### Aim of the exercise
Leaving pictures aside, restate exactly the lines of the data below, from the first one through the line that contains "8、打開破解文件夾,將里面的".

Data records

______

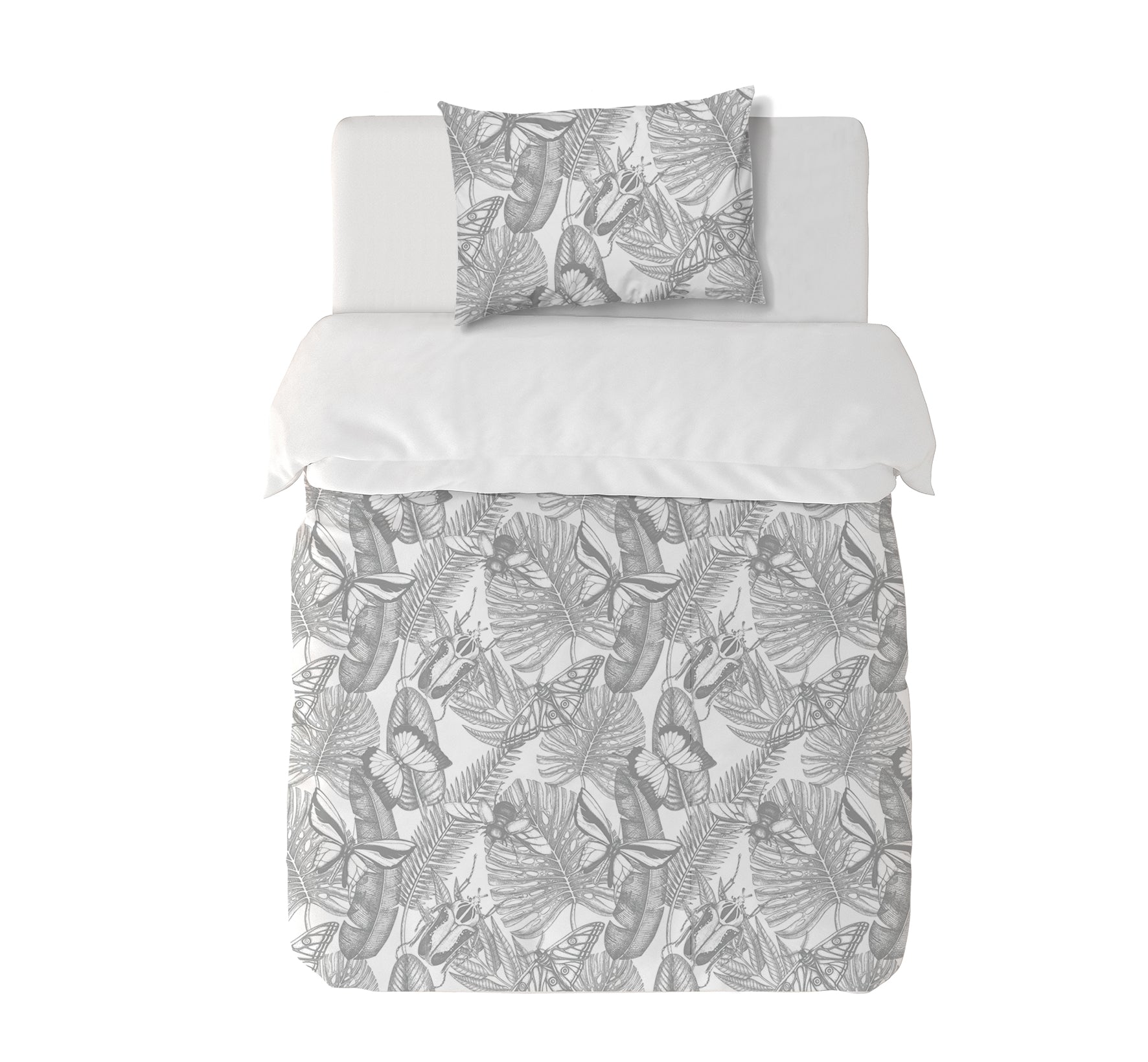 8. Funda de plumón 1 Plaza 150 x 240 cm: Funda plumón, diseño por una cara, reverso liso con cierre invisible en la parte inferior + 1 funda de almohada 70 x 50 cm con cierre invisible. No incluye rellenos.
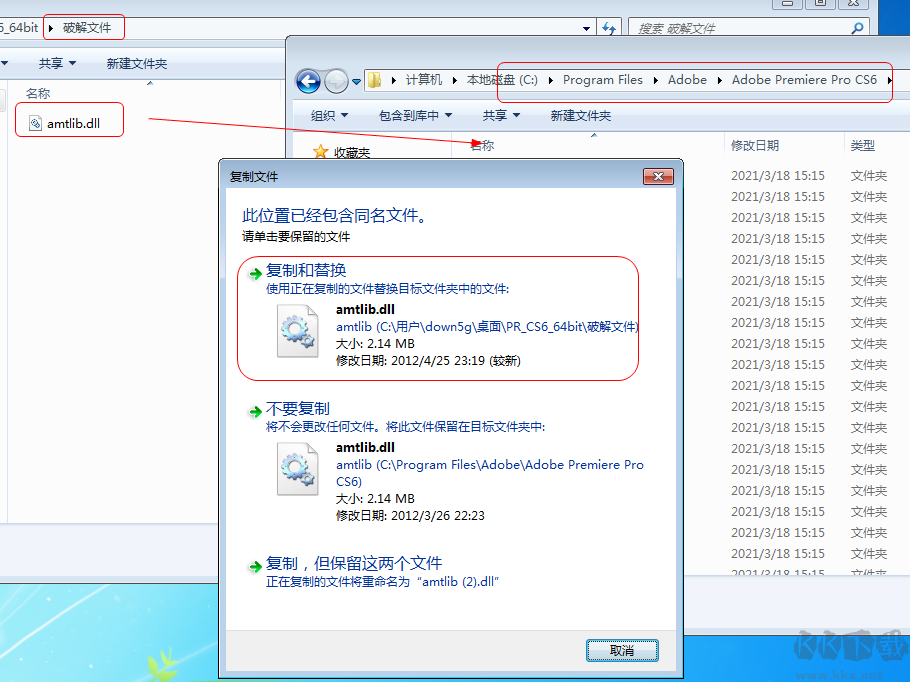 8、打開破解文件夾,將里面的amtlib.dll文件,復制到軟件安裝目錄,替換原文件;
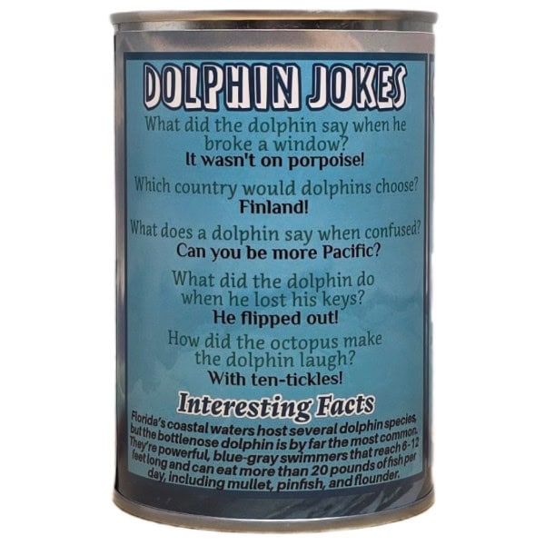 • Funny dolphin jokes and an interesting fact on the can.
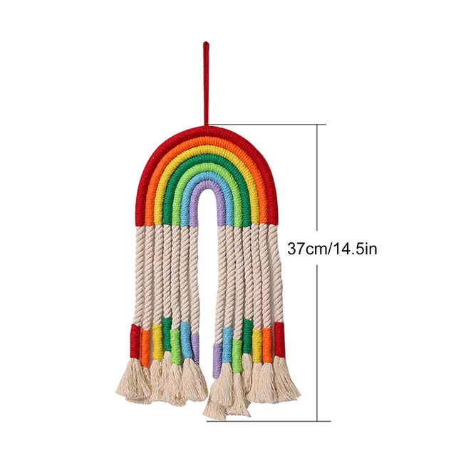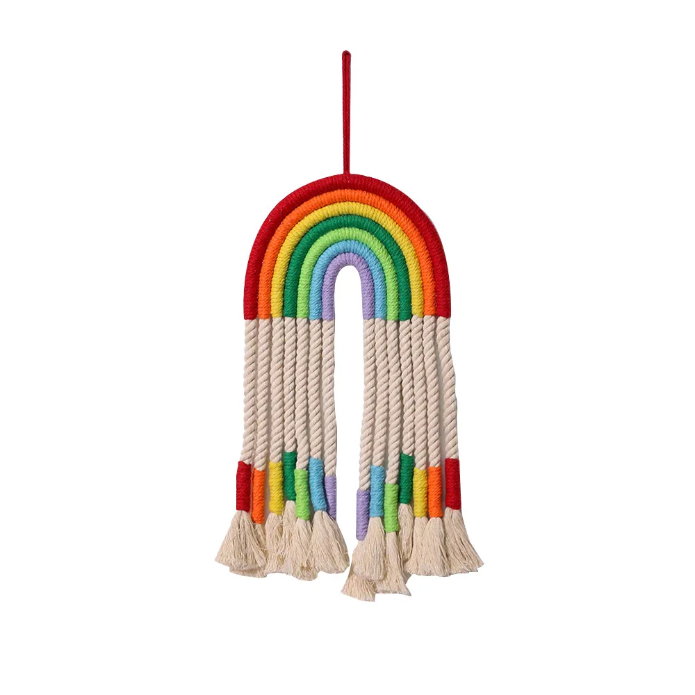Скандинавский макраме, Радужный настенный гобелен, украшение для маленьких девочек, детской комнаты, аксессуары для декора в стиле бохо, красочные настенные украшения ручной работы
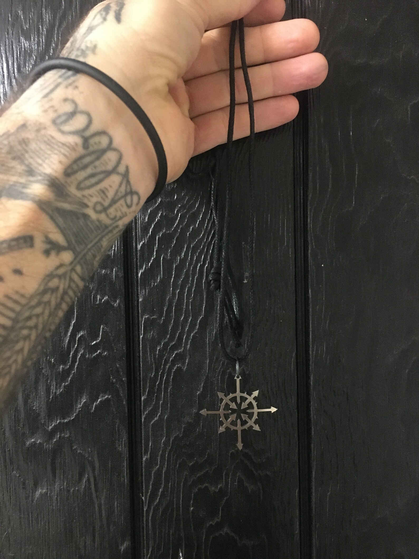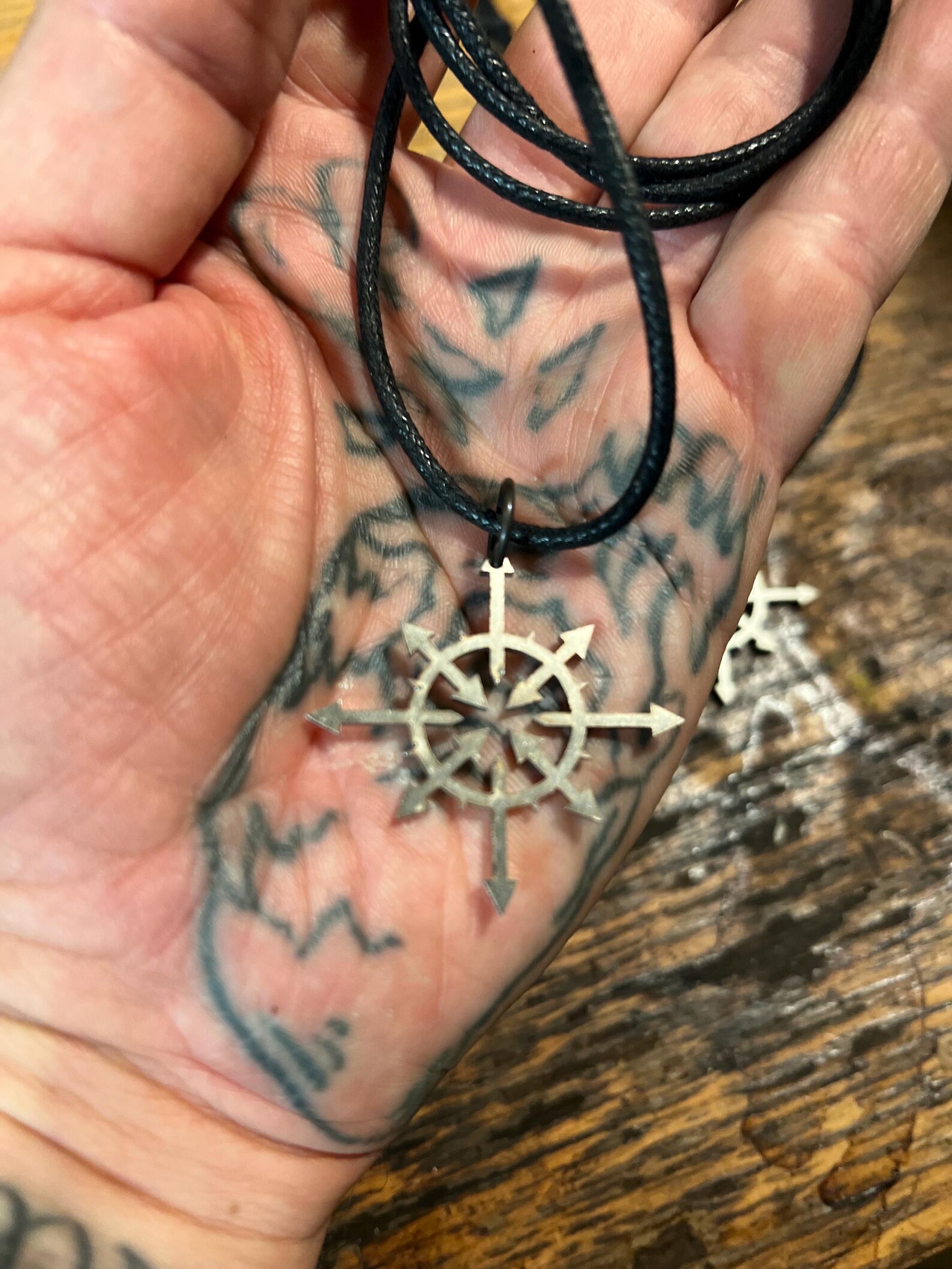 Chaos star – necklace stainless steel and faux leather necklace.
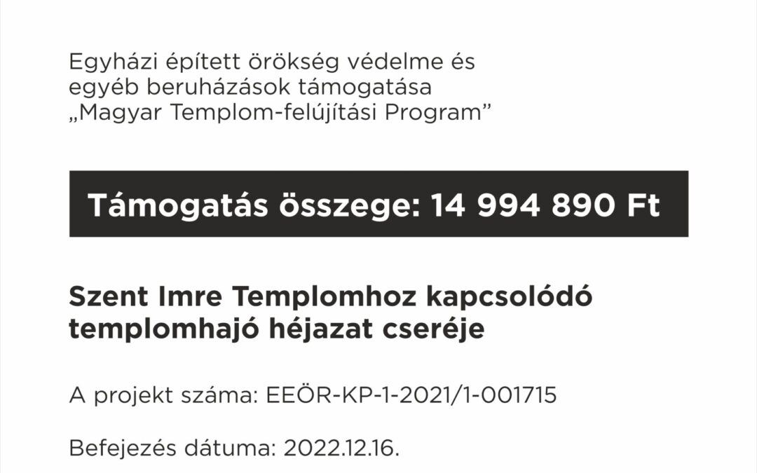 A munkálatok 2022 év végén már befejeződtek. Az elkészült és megújult tetőhéjazat átadására és a projekt hivatalos befejezésére 2022.01.29-én 9:30-kor kezdődött ünnepélyes szentmise keretében került sor. A bejáratban elhelyezett projekttábla szerint a Bethlen Gábor alapkezelő Zrt.által lebonyolított; „Egyházi épített örökség védelme és egyéb beruházások támogatása – Magyar Templom-felújítási Program”-on keresztül Magyarország Kormánya közel 15 millió forinttal támogatta a Szent Imre templomhoz kapcsolódó templomhajó héjazatának cseréjét.
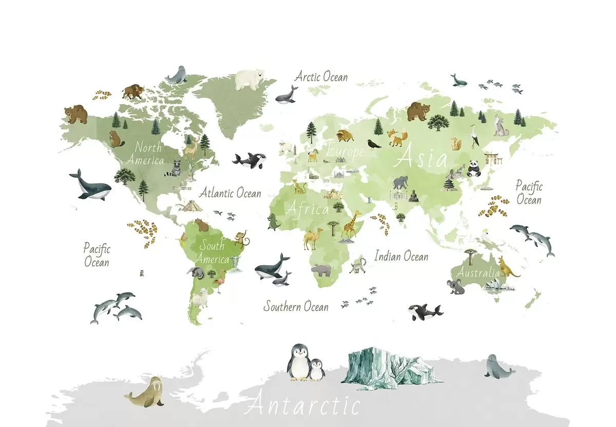 Fototapeten Eine Karte im Aquarellstil, auf der Tiere, Pflanzen und architektonische Elemente dargestellt sind. Beschriftungen auf Englisch N° c00009env2
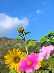 近くの畑に向日葵と秋桜。最近は、寒さに耐性のある品種が各地で植えられているようです。ひまわりとコスモスを同時に楽しめることが増えてきているので、撮影も楽しめます。
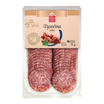 - FL VYSOČINA PL. 75g. Masný výrobek trvanlivý tepelně opracovaný. Baleno v ochranné atmosféře.
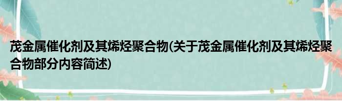茂金属催化剂及其烯烃聚合物(关于茂金属催化剂及其烯烃聚合物部分内容简述)

______

### Problem solution
 8. Funda de plumón 1 Plaza 150 x 240 cm: Funda plumón, diseño por una cara, reverso liso con cierre invisible en la parte inferior + 1 funda de almohada 70 x 50 cm con cierre invisible. No incluye rellenos.
 8、打開破解文件夾,將里面的amtlib.dll文件,復制到軟件安裝目錄,替換原文件;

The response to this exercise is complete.